> YOUR GOAL: Leave out the pictures, and print exactly the lines from the one holding "Du coup, je" through the last line of the material.

> PROVIDED MATERIAL:
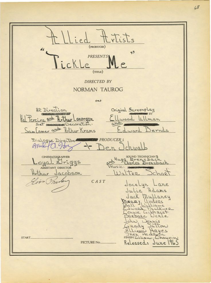 As for Tickle Me, my favorite song is “It Feels So Right”. I loved Stanley, his little side kick and I love any movie that calls upon Elvis to exercise his comedic timing. Anyone who knew him reports that in addition to all, he was naturally a funny guy. Did anyone notice that Jocelyn Lane wore Ursula Andres dress? My favorite scene was when Elvis runs back and forth between Stanley and Jocelyn who are afraid. I also love that Jocelyn Lane later became a Spainish princess. Elvis deserved a princess.
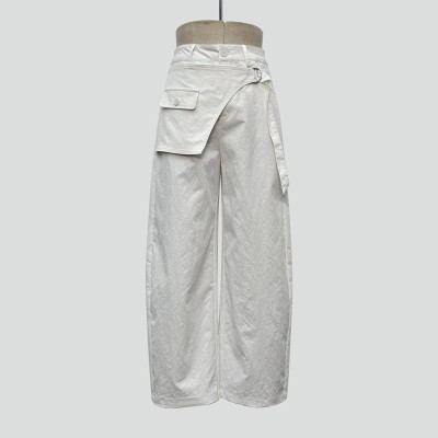 White Design Waist Decor Wide-leg Casual Pants Loose Long Bottoms
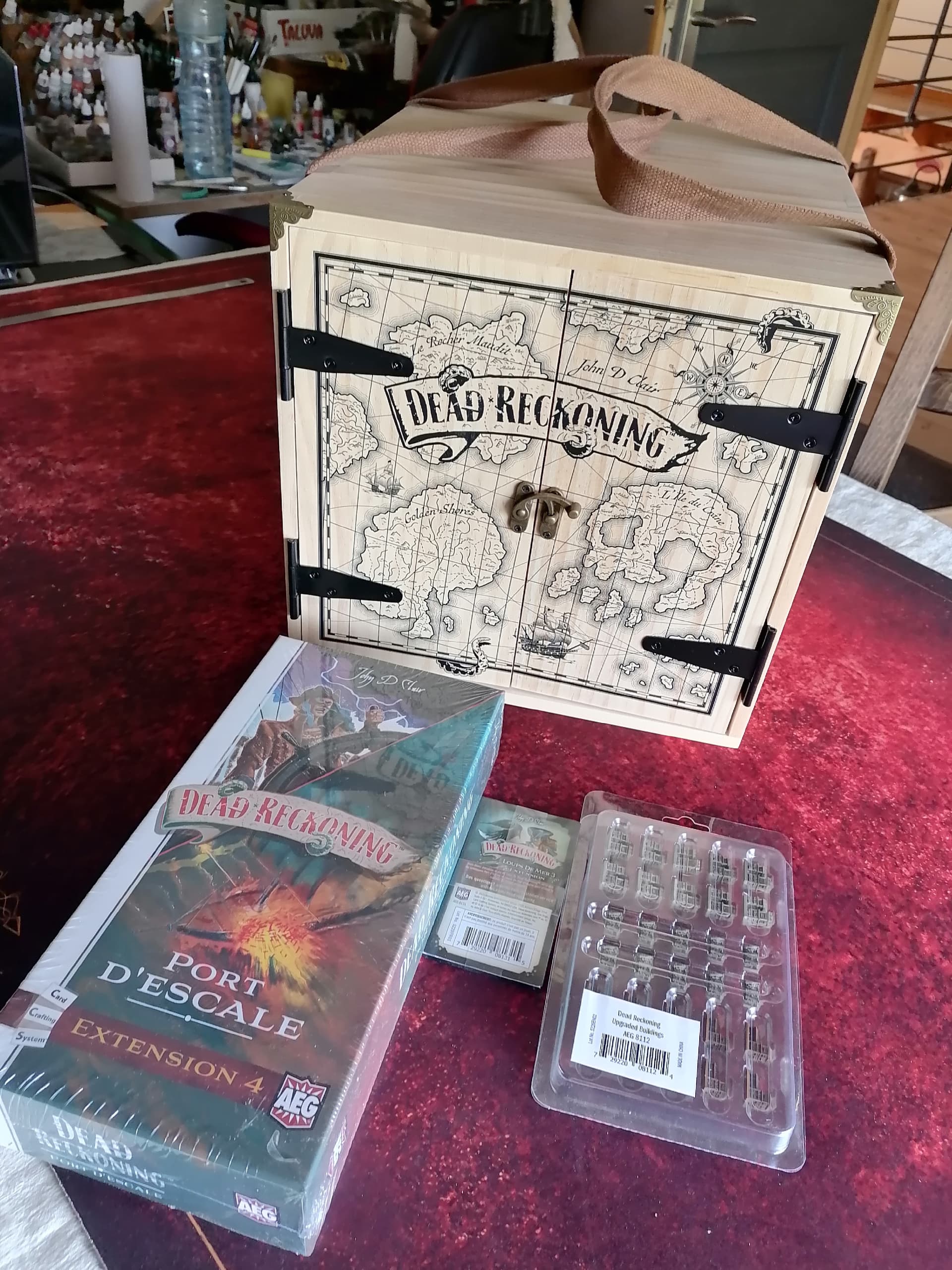 Du coup, je n’ai qu’une envie, me procurer Dead Reckoning. Mais j’arrive bien après la bataille (celle de la dernière campagne Kickstarter)… et aucune boutique à laquelle j’ai fait appel ne l’aura en stock (et j’en ai fait un paquet), pas plus que les extensions.
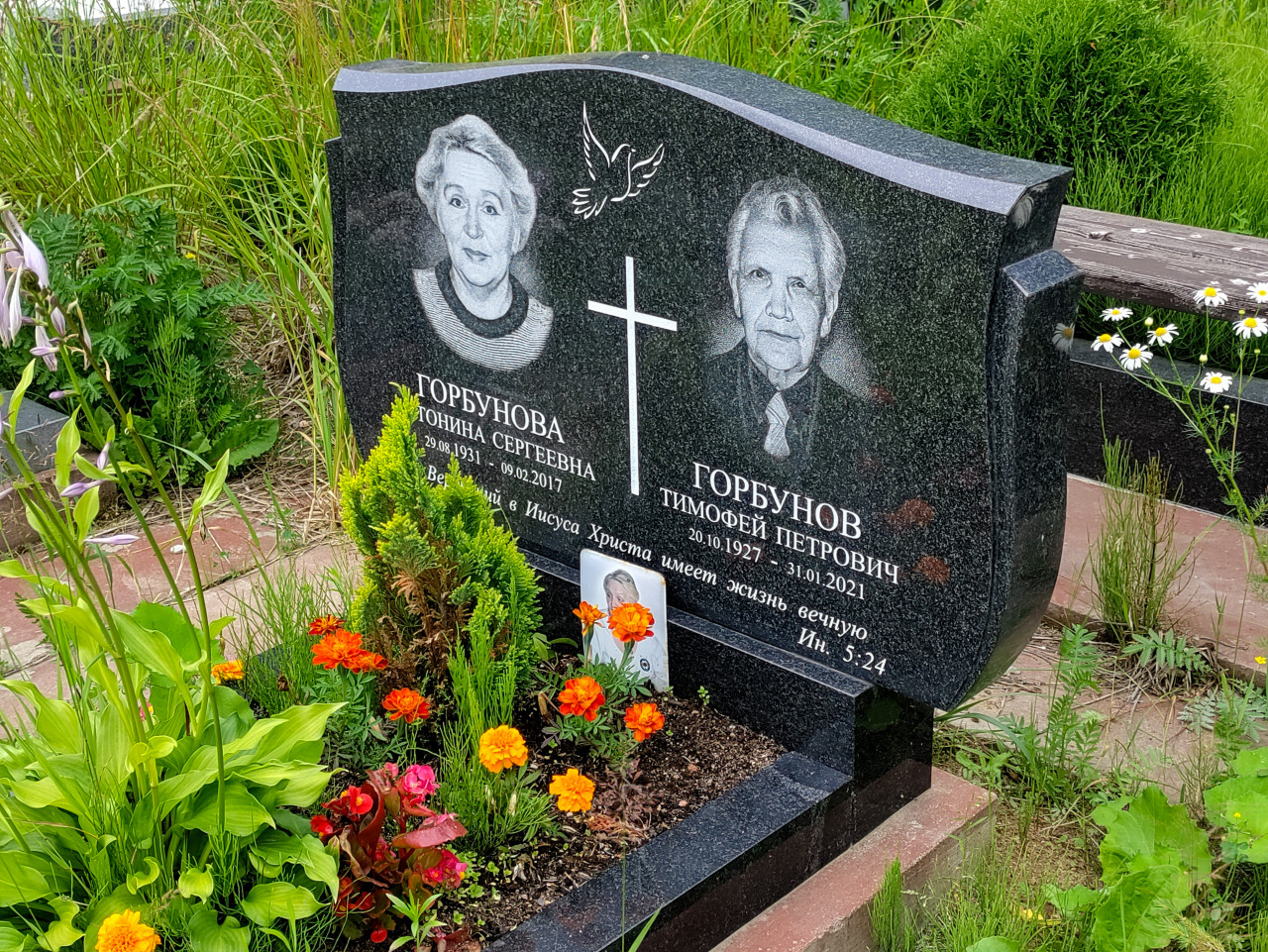 кладбище захоронение могила надгробие памятник траур память гранит полированный гранит двойной памятник портреты гравировка крест православный крест религиозная надпись Горбунова Антонина Сергеевна Горбунов Тимофей Петрович даты жизни 1931 2017 1927 2021 клумба бархатцы цветы на могиле лавка поминовение ритуальные традицииПохожие фотографии

> TASK ANSWER:
 Du coup, je n’ai qu’une envie, me procurer Dead Reckoning. Mais j’arrive bien après la bataille (celle de la dernière campagne Kickstarter)… et aucune boutique à laquelle j’ai fait appel ne l’aura en stock (et j’en ai fait un paquet), pas plus que les extensions.
 кладбище захоронение могила надгробие памятник траур память гранит полированный гранит двойной памятник портреты гравировка крест православный крест религиозная надпись Горбунова Антонина Сергеевна Горбунов Тимофей Петрович даты жизни 1931 2017 1927 2021 клумба бархатцы цветы на могиле лавка поминовение ритуальные традицииПохожие фотографии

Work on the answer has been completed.